Генеалог доказывает принцу, что он происходит по прямой линии от графа, чьи родители три или четыре века назад заключили семейный договор с домом, памяти о котором не существует. Этот дом имел отдаленные притязания на провинцию… Принц и его совет сразу же убедились в его правоте. Эта провинция, удаленная от него на сотни лиг, тщетно протестует, что не знает его, что не желает, чтобы им управляли, что для того, чтобы дать законы своему народу, он должен, по крайней мере, получить его согласие… Он тут же собирает множество людей, которым нечего терять, одевает их в грубую синюю одежду… заставляет их поворачиваться направо и налево, и марширует во славу.
Тем не менее, Вольтер советовал Екатерине II взяться за оружие и изгнать турок из Европы; он написал патриотическую элегию по офицерам, погибшим за Францию в 1741 году; он благословил армию Франции на победу при Фонтенуа.

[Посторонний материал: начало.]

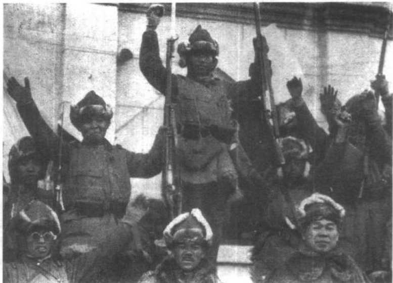
日本侵略军攻入锦州后的得意情形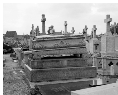
Tombeau de la famille Corbec-Fourny. IVR31_19816203452X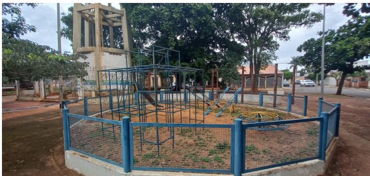
Foto 3 - Parquinho estruturado, entretanto com acesso livre a animais.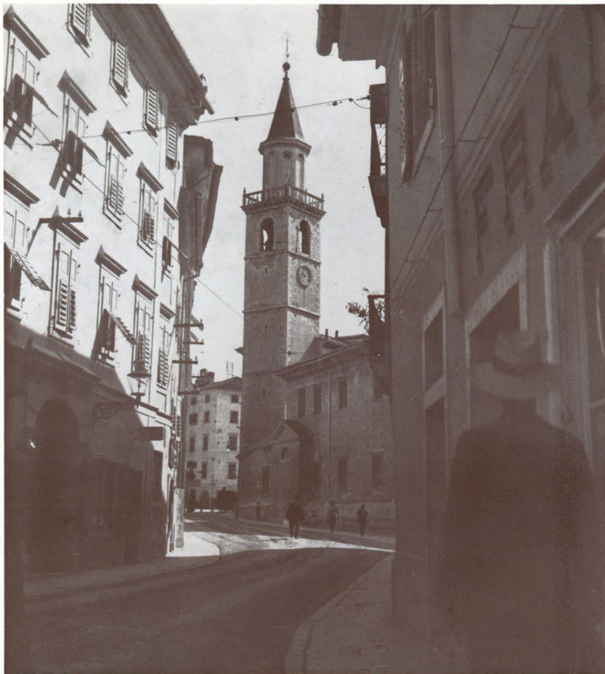
Il tempo si è fermato all'ombra del campanile nella vecchia Via Duomo.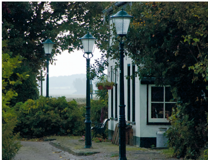
Idylle in De Waal: door het Veraningspad gloort in de verte de Hoge Berg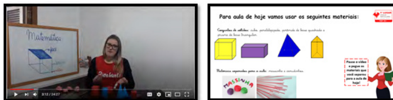
Figura 3 e 4 - Organização da segunda videoaula.

É por isso que a organização desta proposta buscou superar as comparações espontâneas para chegar na aproximação do conhecimento científico dos conceitos. Todavia, pode-se perceber que a primeira videoaula estava muito expositiva, e que poderia ter sido sugerido que as crianças montassem os sólidos geométricos a partir de modelos distribuídos, ou, na impossibilidade de uma impressão, tentar encontrar objetos em sua casa que fossem similares ao conjunto de sólidos geométricos. Por isso, ao propor, na segunda videoaula, que as crianças construíssem os sólidos através de suas arestas, foi solicitado material preparatório: canudinhos, palitos de picolé ou de dente; massinha de modelar ou massinha de modelar caseira. Para essa segunda aula, foram utilizados esses instrumentos e o powerpoint explicativo como mostram as figuras três e quatro.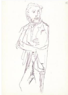
Okolo 1998, długopis / papier, 14,8 × 10,5 cm ze zbiorów Biblioteki Narodowej w Warszawie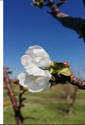
Λευκή κορυφή – Έναρξη άνθησης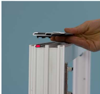
Dichtband einlegen Verstärkungseisen positionieren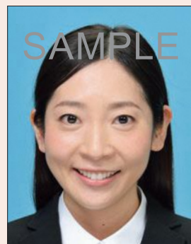
平常の顔貌と著しく異なるもの(口角が上がるなど)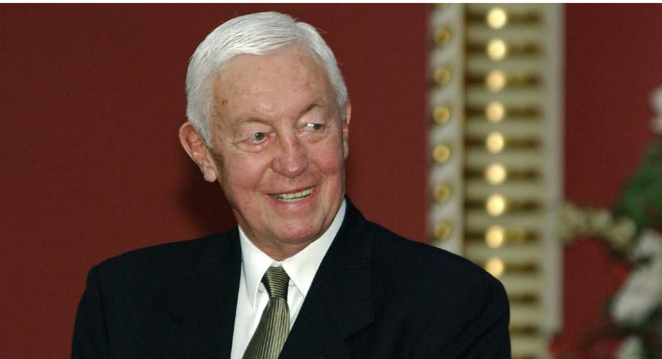
Jean Béliveau, O.Q.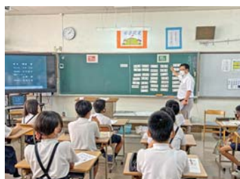
竹原市立竹原西小学校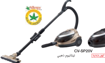
تيتانيوم ذهبي CV-SP20V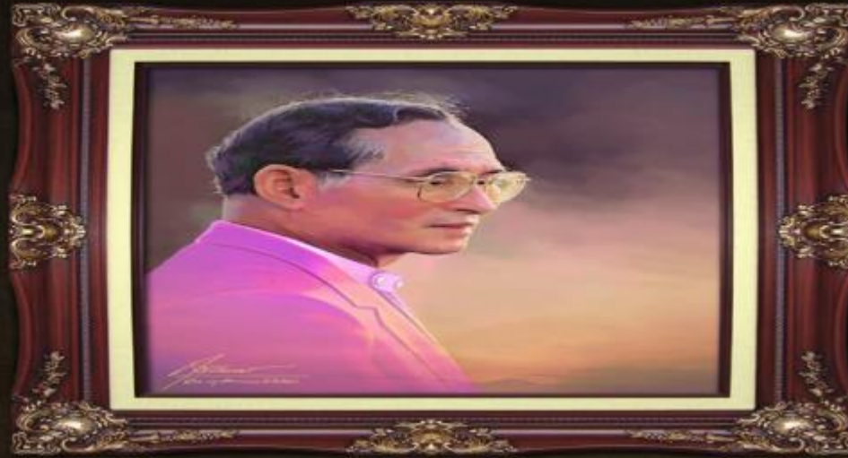
ศิลปิน : สุวิทย์ ใจป้อม

“...การที่จะทำงานเพื่อความมั่นคงและก้าวหน้านั้น มิใช่จะก้มหน้าก้มตาทำหน้าที่ของแต่ละคนเท่านั้น จะต้องมีความร่วมมือสัมพันธ์กันระหว่างหน่วยงานทุกหน่วย เพื่อให้งานรุดหน้าไปพร้อมเพรียงกัน...”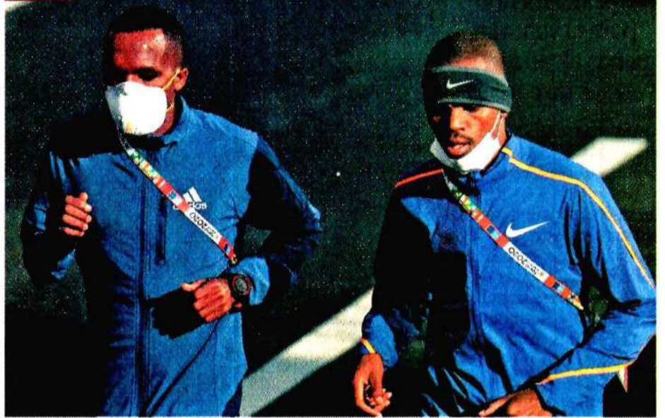
Participantes en la maratón de Tokio 2020 usaron mascarillas para evitar contagios.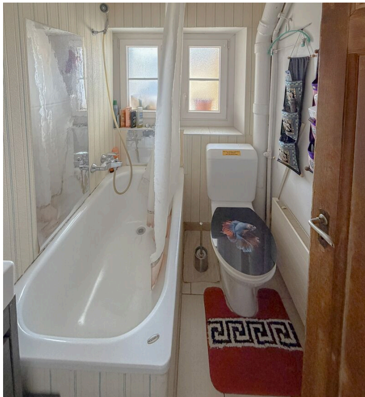
Appartement au 2ème étage - loué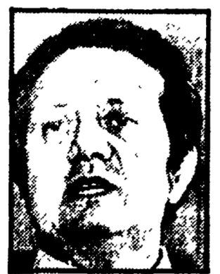
SOARES - Un governo contestato.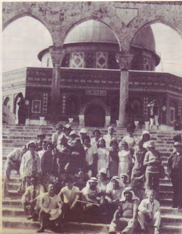
Le groupe devant la mosquée d'Omar à Jérusalem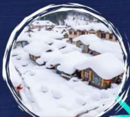
Dreamhome (กกลางขััน)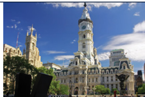
Philadelphia—La storica City Hall

Tariffe aeree nazionali/ internazionali; Quota d'iscrizione e assicurazione medico/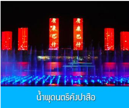
น้ำพุดนตรีคังปาสือ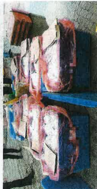
Produk kayu (gambar atas) dan ikan tanpa permit import dirampas di Pelabuhan Pasir Gudang, Kelantan.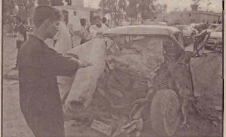
பலூயா நகரில் அமெரிக்கத் தாக்குதலில் சேதமாக்கப்பட்ட வாகனத்தை அவதானிக்கும் ஈராக் சிபர்கள் (இத்தாக்குதலில் 3 ஈராக் சிபர்கள் கொல்லப்பட்டனர்.)

சதாம் ஹுசைனும் அவரது புதல்வர்களும் சென்றதாகக் கருதியே இந்த வாகனத்தொடரணி மீது தாக்குதல் மேற்கொள்ளப்பட்டது. காயமடைந்த இவர்களை சிரியா விடம் ஒப்படைக்காது அமெரிக்கா தன்வசம் வைத்திருந்தது. இது குறித்து சிரியா கண்டனம் தெரிவித்ததை அடுத்தே இவர்கள் ஒப்படைக்கப்பட்டனர்.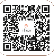
《内蒙古文艺》客户端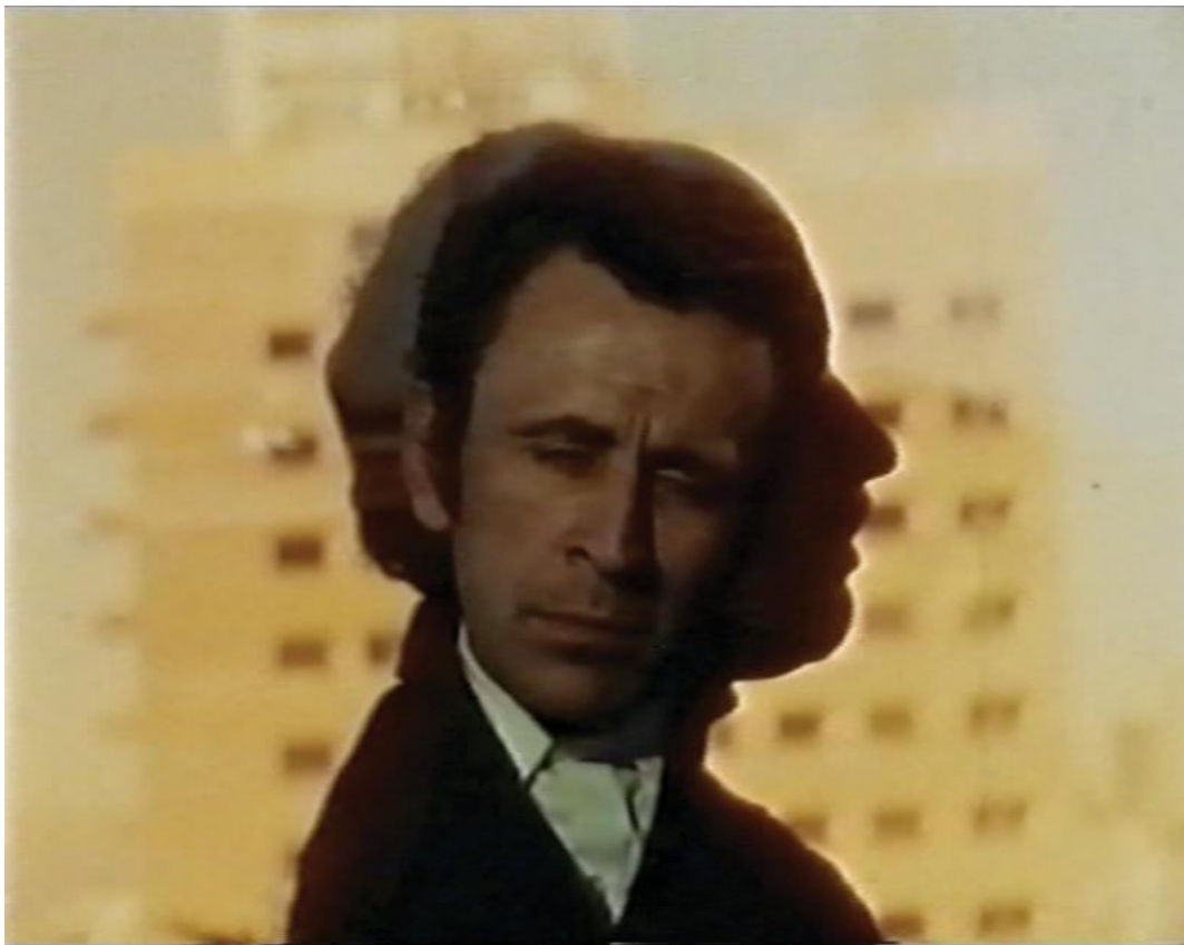
Puntos suspensivos (Edgardo Cozarinsky, 1970)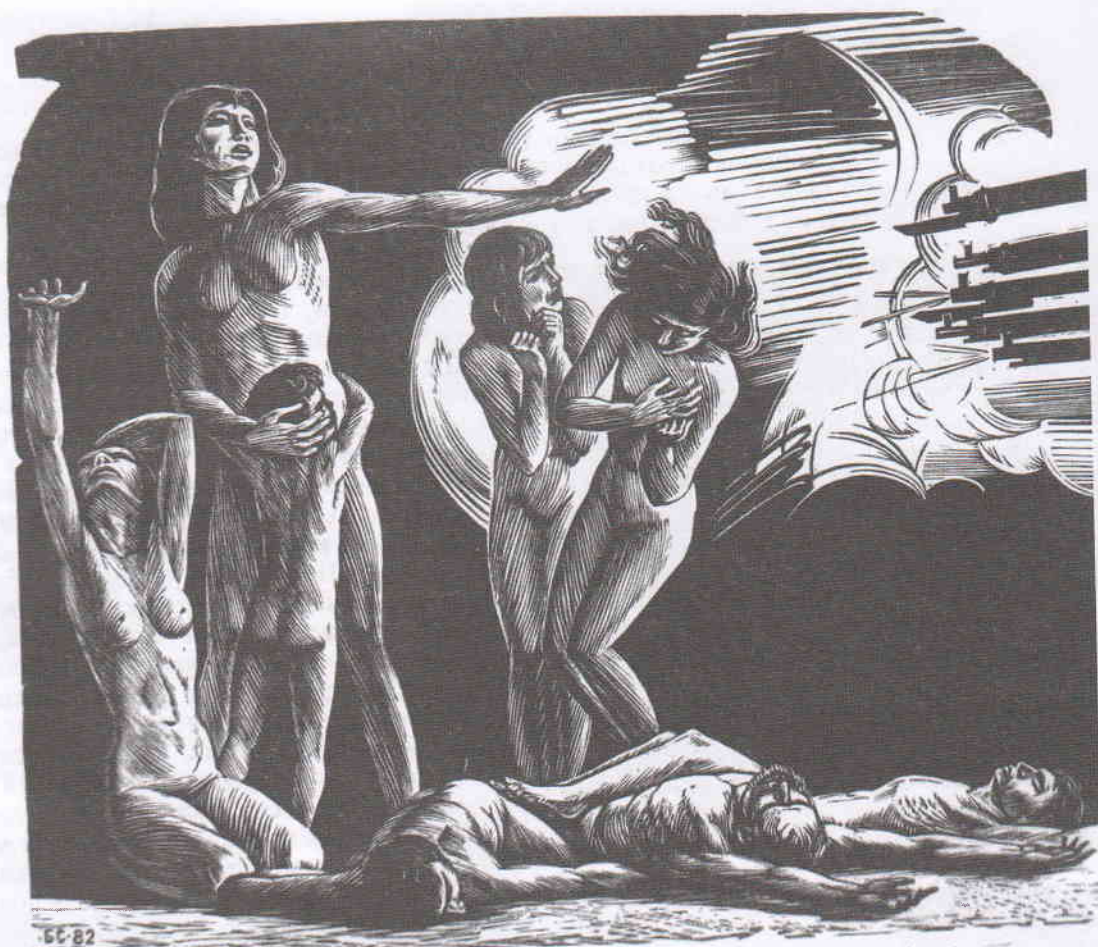
Склярук Б.Н. 1937 г. Бабий Яр, Сонгми, Сабра и Шатила... 1982. ксл. 13,5x16

Философы отвергали национализм и патриотизм на том основании, что эти эмоции сужают представления о человечности и моральных обязательствах и позволяют королям легче вести свой народ на войну. Статья «Патри» в «Философском словаре» осуждала патриотизм как раздутый эгоизм. Вольтер умолял французов умерить их хвастливое превосходство в языке, литературе, искусстве и войне и напоминал им об их недостатках, преступлениях и пороках.88 Монтескье, Вольтер, Дидро и д'Алембер во Франции, как и Лессинг, Кант, Гердер, Гете и Шиллер в Германии, были «хорошими европейцами», а впоследствии французами или немцами. Как одна религия и один язык способствовали космополитизму в Западной Европе в Средние века, так и космополитизм развился на континенте в результате распространения французского языка и культуры. Руссо в 1755 году говорил о «тех великих космополитических умах, которые не обращают внимания на барьеры, призванные отделить нацию от нации, и которые, подобно создавшей их суверенной державе, охватывают все человечество в рамках своей благосклонности».89 В другом месте он писал с характерным преувеличением: «Нет больше ни французов, ни немцев… есть только европейцы».90 Это относилось только к дворянству и интеллигенции, но в этих слоях дух космополитизма распространялся от Парижа до Неаполя и Санкт-Петербурга. Даже в военное время аристократы и литераторы смешивались с представителями своего класса, преодолевая границы; Юма, Горация Уолпола, Гиббона и Адама Смита принимали в парижском обществе, пока Англия и Франция находились в состоянии войны, а принц де Линьи чувствовал себя как дома практически в любой европейской столице. Солдатам тоже была присуща доля этого интернационализма. «Каждый немецкий офицер, — говорил герцог Фердинанд Брауншвейгский, — должен считать за честь служить под французским флагом»;91 Целый полк во французской армии — Allemands Royaux — состоял из немцев. Революция положила конец этому космополитическому товариществу манер и умов; господство Франции угасло, и национализм пошел вперед.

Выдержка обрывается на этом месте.